As I said, the policy is patel's but the quote about dreaming of it comes after Braverman took over as Home Secretary.

https://www.huffingtonpost.co.uk/entry/ ... 76dbfb0659
I would love to have a front page of The Telegraph with a plane taking off to Rwanda, that’s my dream, it’s my obsession,” Braverman told Chopper’s Politics on Tuesday.
She's every bit as heartless as Patel and possibly stupider.
Permission to appeal granted:
https://www.reuters.com/world/uk/london ... 023-01-16/

Jonathan
Jdsk
Posts: 24864
Joined: 5 Mar 2019, 5:42pm

Re: Are we all Trussed up...

Post by Jdsk »

...
As I recall. over 200 Tory MPs have second jobs working for "the private sector", where their only "loyalty" lies.
...
Latest figures from Transparency International:
https://www.theguardian.com/politics/20 ... riefs-2017

"More than 170 former ministers and senior officials have taken private sector roles related to their old policy briefs in the past six years, research has found, with Sajid Javid, Robert Buckland and Gavin Williamson among the Tory MPs declaring lucrative second jobs in the last few weeks.

It found 30% of those taking jobs after holding senior office were hired in a similar area to their government role, with the highest prevalence among former defence and education office holders. Overall, 177 out of 604 jobs since 2017 were linked to the former policy responsibilities of government ministers and officials."


Jonathan
Jdsk
Posts: 24864
Joined: 5 Mar 2019, 5:42pm

Re: Are we all Trussed up...

Post by Jdsk »

Jdsk wrote: 20 Oct 2022, 10:10pm
..,
What sort of experience does a politician need? Experience of being a politician? Catch 22 comes into play.
...
There's a lot of different jobs done by "politicians".

The big difference that I would draw in our system at the national level is between being an MP and being a Minister. (I happen to think that they should be much more separated but that's not important here.)

MPs need to learn how to do the constituency work, how to work in committees, and how to manage the appalling lifestyle that we impose on them.

Ministers need to learn how to run departments. And very often without the previous opportunities to learn that we take for granted in other jobs.

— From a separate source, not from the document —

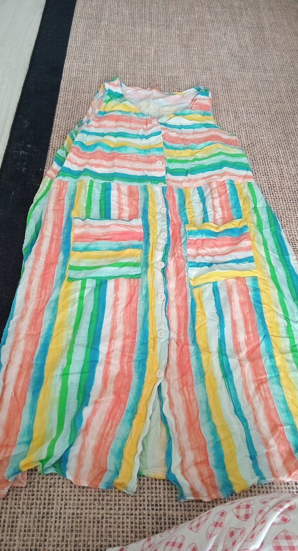 Kadın elbise, straplez yaka ve kolsuz tasarıma sahiptir. Uzun boyda, piliseli tekstil kumaşında pastel tonlarda batik desenlidir, bohem tarz için uygundur.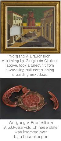 There’s more. A painting by Giorgio de Chirico, “Piazza d’Italia,” was hanging on the wall of a townhouse in the Netherlands when demolition began on a bank next door. The wrecking ball came through the wall of the house and shot a perfect hole through the canvas. In Germany, a Ming dynasty lacquer plate — about 600 years old — was hit by a housekeeper’s elbow and ended up in bits on the ground. These two items were soberly displayed by Axa Art at the 2009 Art Basel exhibition in Switzerland under the caption “The Thrill of Protecting,” although it might as well have said, “Let This be a Lesson to You.”

And there are people who help them to learn. I have the good fortune to know some of those who helped the first Blair administration with this. There wasn't anything particularly surprising in how this was done, but it's often taken as an example of recognising that it's necessary and of being done well.
NB date.

"Train government ministers properly and leave them in post, says ex-cabinet secretary":
https://www.theguardian.com/politics/20 ... -secretary

This has come up several times in the Campbell/Stewart podcasts:
https://en.wikipedia.org/wiki/The_Rest_Is_Politics

Jonathan
toontra
Posts: 1210
Joined: 21 Dec 2007, 11:01am
Location: London

Re: Are we all Trussed up...

Post by toontra »

Jdsk wrote: 24 Mar 2023, 8:57am
...
As I recall. over 200 Tory MPs have second jobs working for "the private sector", where their only "loyalty" lies.
...
Latest figures from Transparency International:
https://www.theguardian.com/politics/20 ... riefs-2017

"More than 170 former ministers and senior officials have taken private sector roles related to their old policy briefs in the past six years, research has found, with Sajid Javid, Robert Buckland and Gavin Williamson among the Tory MPs declaring lucrative second jobs in the last few weeks.

It found 30% of those taking jobs after holding senior office were hired in a similar area to their government role, with the highest prevalence among former defence and education office holders. Overall, 177 out of 604 jobs since 2017 were linked to the former policy responsibilities of government ministers and officials."


Jonathan
Indeed. The notion of politicians committed to "public service" is sadly a dying concept (if it ever truly existed for all but a handful). These days politics is fast track vehicle to well-paid jobs, jobs that wouldn't have been open to these largely un-qualified and under-performing individuals. Their climb up the greasy ladder and stint in the shouting house are merely an enabling necessity.